開発にあたる諸機関は、優先目標、まず第1に技術の近代化に向けた目標の達成に向けて取り組むべきである。そのような優先目標は20項目を超えるが、残念ながらその多くが「(達成不可能な)不良債権」化して見捨てられてきた。当然ながら、そのような目標を整理し、目標を実現するための事業の構造とメカニズムを効率化・最適化する必要がある。

経済を刷新するべく、国内に貯えられた投資ポテンシャルをもっと積極的に活用しなければならない。社債市場の発展に関して、中央銀行及び政府に対して提案を求めている。社債の発行・購入に関する手続きの簡素化が不可欠である。投資家や個人が国内の実業セクターの発展に投資して得をするように、このような債券のクーポン収入(インカムゲイン)の税控除を提案する。

工業、農業、輸送業、住宅建設業において主要プロジェクト数十件(主として民間プロジェクト)が実施中または開始準備段階にある。これらプロジェクトは、個別のセクターに建設的な効果をもたらすだけでなく、国土全体の包括的な発展を促進するものでもある。

これらプロジェクトが迅速かつ効果的に実施されるためには、時機を得た法改正、行政による障壁の除去、インフラ開発や外国市場への参入に対する支援が重要である。このような課題は往々にして一つの政府省庁の枠内にとどまらないため、最重要プロジェクト(複数)を支援する何らかのメカニズムの設置を提案する。ある特別な機構(a special agency)が当該支援を担うことになるだろう。

● 競争力のある製造業の分野拡大策
競争力のある製造業は現状では主に原料及び鉱業セクターに集中している。経済構造を変えることによってのみ、安全保障及び社会発展の分野でスケールの大きな課題を解決し、時代の要請に応えうる職場を作り出し、また何百万人もの生活の質・水準を向上させることができる。重要なことは、ロシアには実際、産業や農業分野、そして中小企業の中に業績のよい会社があるということである。我々の目標は、このような好業績企業の数を急速にかつすべての部門において増やすことである。この目標達成に向けて、輸入代替(import substitution)、輸出支援、製造業の技術革新及び高度技能人材の育成に関する各プログラムは実施されるべきである。

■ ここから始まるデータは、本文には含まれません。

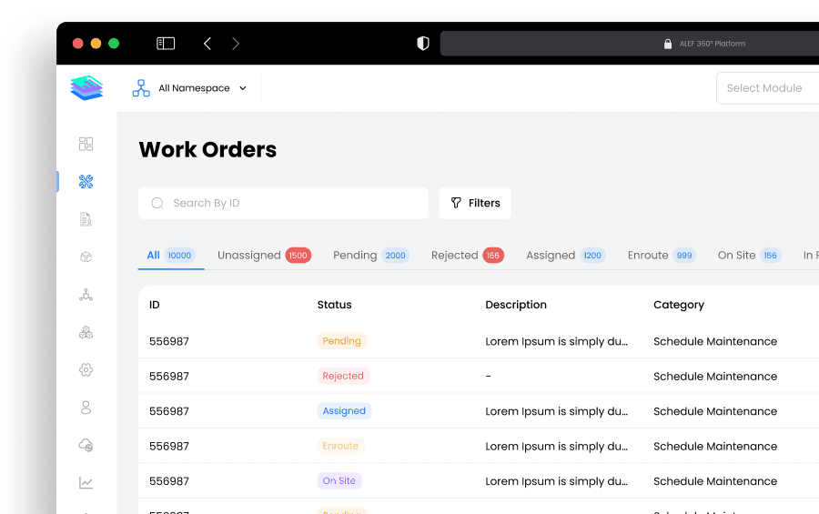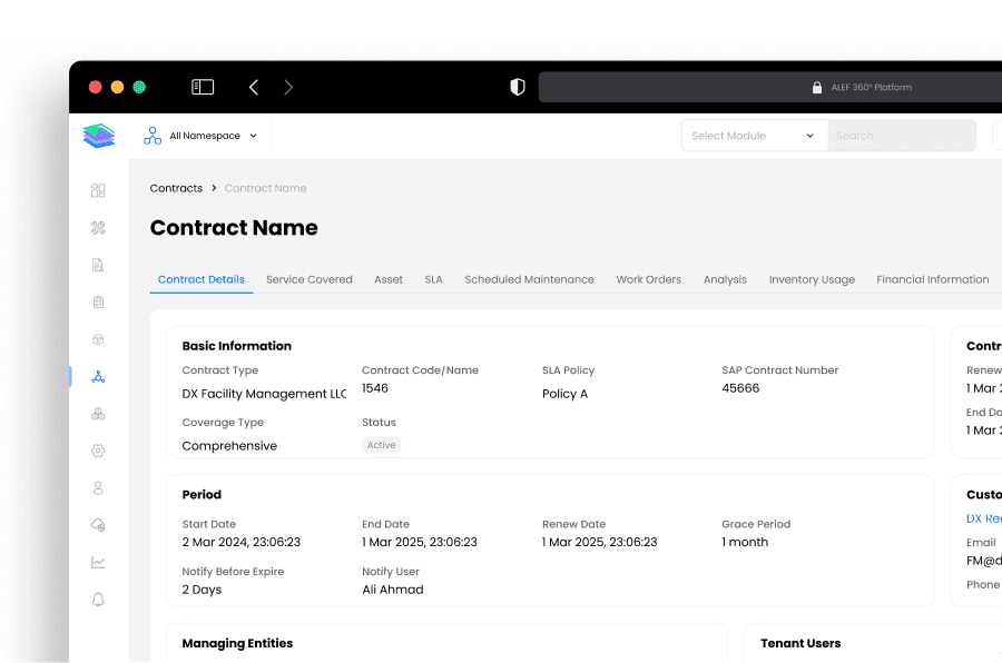 Simplify and automate the full work order cycle—from request to closure. Track tasks in real time, boost SLA performance, comply with contractual obligations, and optimize preventive maintenance to prolong asset lifecycle and mitigate unexpected breakdowns.

産業開発基金ではすでに輸入代替プログラムの支援を実施している。これらプログラムは起業家のニーズに適ったものである。来年(2016年)、当該基金に対し200億ルーブルの増資を行うことを提案する。

産業界からのイニシアチブにしたがって、各企業のエンジニアリング業務に必要な国内外の特許及びライセンス取得を支援する技術開発機構を設立することは妥当であると考えている。当然のことながら、外国市場に参入し、ロシア国産製品の(市場シェアの)拡大を図ることが、自国の企業、延いてはロシア経済全体の発展を見据えた戦略となるべきである。

農業分野では、農産物の生産・貯蔵・加工に関する自前の技術、ロシア独自の播種用等の種子の保存も必要とされている。しかし、この分野でロシアはまだ非常に弱い。主要な研究機関、ロシア科学アカデミー、また、すでに高度な開発を首尾よく進めているロシア企業が、当該分野の課題解決に参入してくれることを期待する。